(Saved entries)
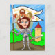Cartoon illustration depicting Saint Joan of Arc in armor with her banner.
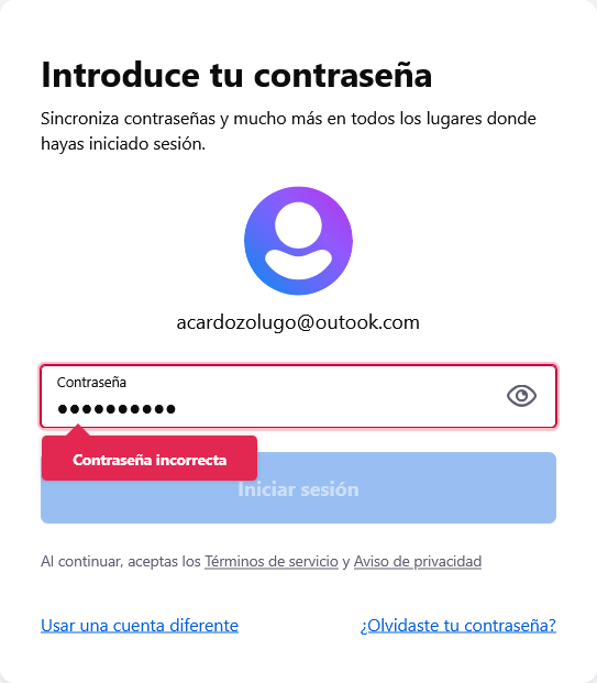 Hola, Puede probar en el Firefox ingresar al sitio de la cuenta de Mozilla https://accounts.firefox.com/ Si la contraseña da incorrecta debe ser incorrecta, tenga en cuenta que la contraseña de la cuenta de Mozilla no tiene que ser la misma que la de su correo (outlook) de la contraseña maestra del Firefox.
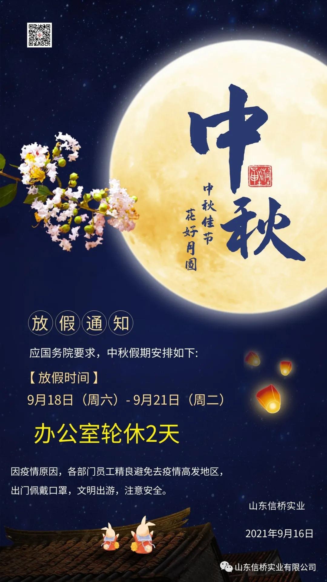 山東信橋實(shí)業(yè)有限公司中秋節放假通知
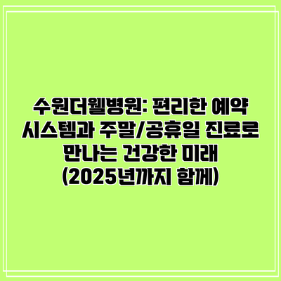 수원더웰병원: 편리한 예약 시스템과 주말/공휴일 진료로 만나는 건강한 미래 (2025년까지 함께)
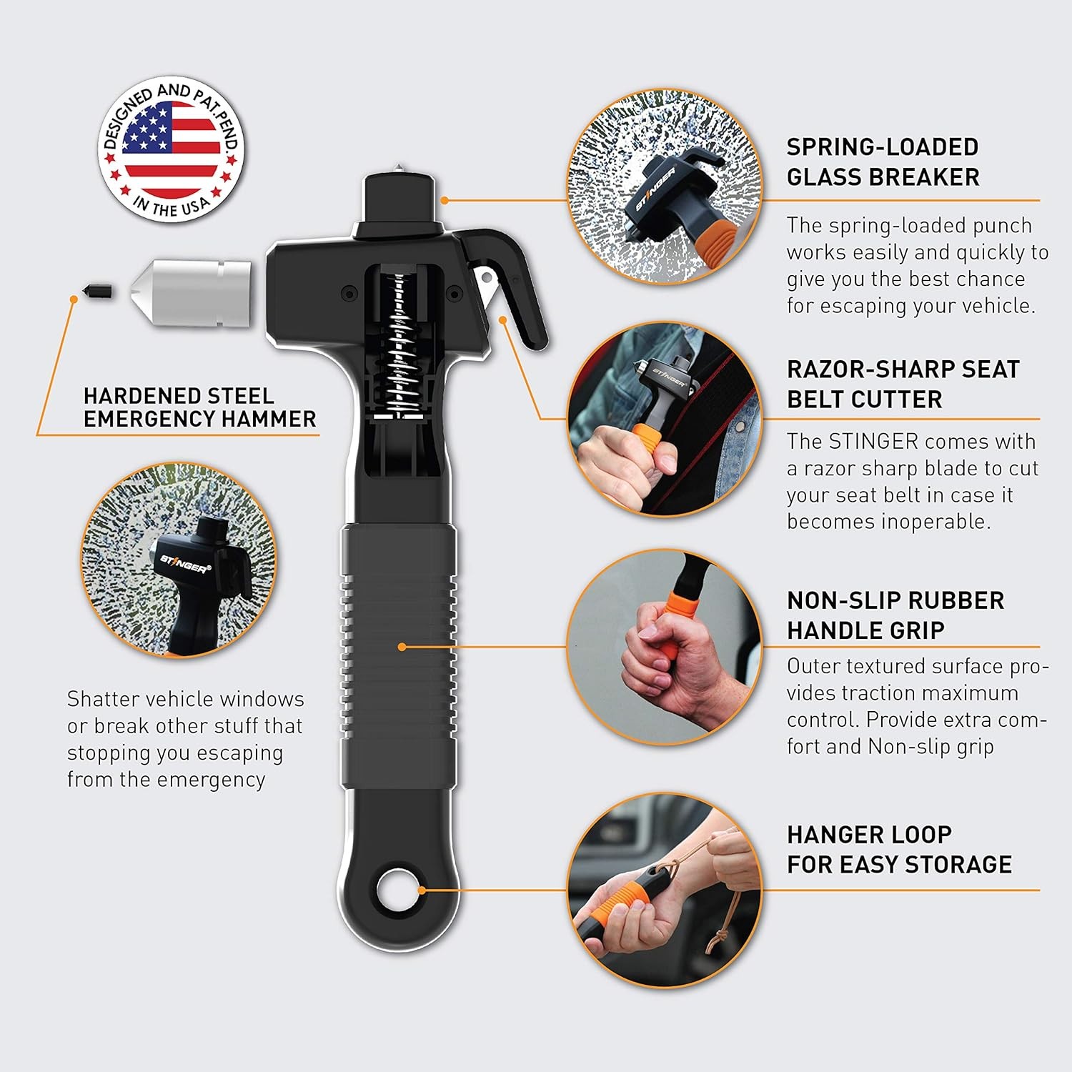 The Stinger 3-in-1 Super Duty Car Safety Escape Tool is an essential emergency accessory designed to help you stay safe during unexpected road incidents. Combining a seatbelt cutter, a glass breaker, and an emergency flashlight in one durable body, it ensures quick action when seconds count. Compact and easy to store, it’s ideal for keeping in your glove box or attached to your car’s interior for immediate access.
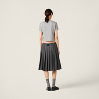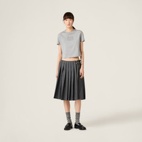 The embroidered Miu Miu logo stands out against the simple lines of this cotton jersey tee, thanks to its iconic character. - Product code: MJN483_1YXT_F0031_S_232 - Regular fit - Crew-neck - Short sleeves - Embroidered logo - Twin-needle hem - Imported - The model is 180 cm tall and wears a size 38 Height 70cm
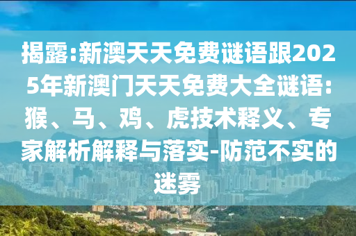 揭露:新澳天天免費(fèi)謎語跟2025年新澳門天天免費(fèi)大全謎語:猴、馬、雞、虎技術(shù)釋義、專家解析解釋與落實(shí)-防范不實(shí)的迷霧

**Task directions:**
The required output is a verbatim repetition of the lines from the opening of the entries above through the line containing "수원더웰병원: 편리한 예약", inclusive, with no pictures and nothing else.

**Answer area:**
Cartoon illustration depicting Saint Joan of Arc in armor with her banner.
 Hola, Puede probar en el Firefox ingresar al sitio de la cuenta de Mozilla https://accounts.firefox.com/ Si la contraseña da incorrecta debe ser incorrecta, tenga en cuenta que la contraseña de la cuenta de Mozilla no tiene que ser la misma que la de su correo (outlook) de la contraseña maestra del Firefox.
 山東信橋實(shí)業(yè)有限公司中秋節放假通知
 수원더웰병원: 편리한 예약 시스템과 주말/공휴일 진료로 만나는 건강한 미래 (2025년까지 함께)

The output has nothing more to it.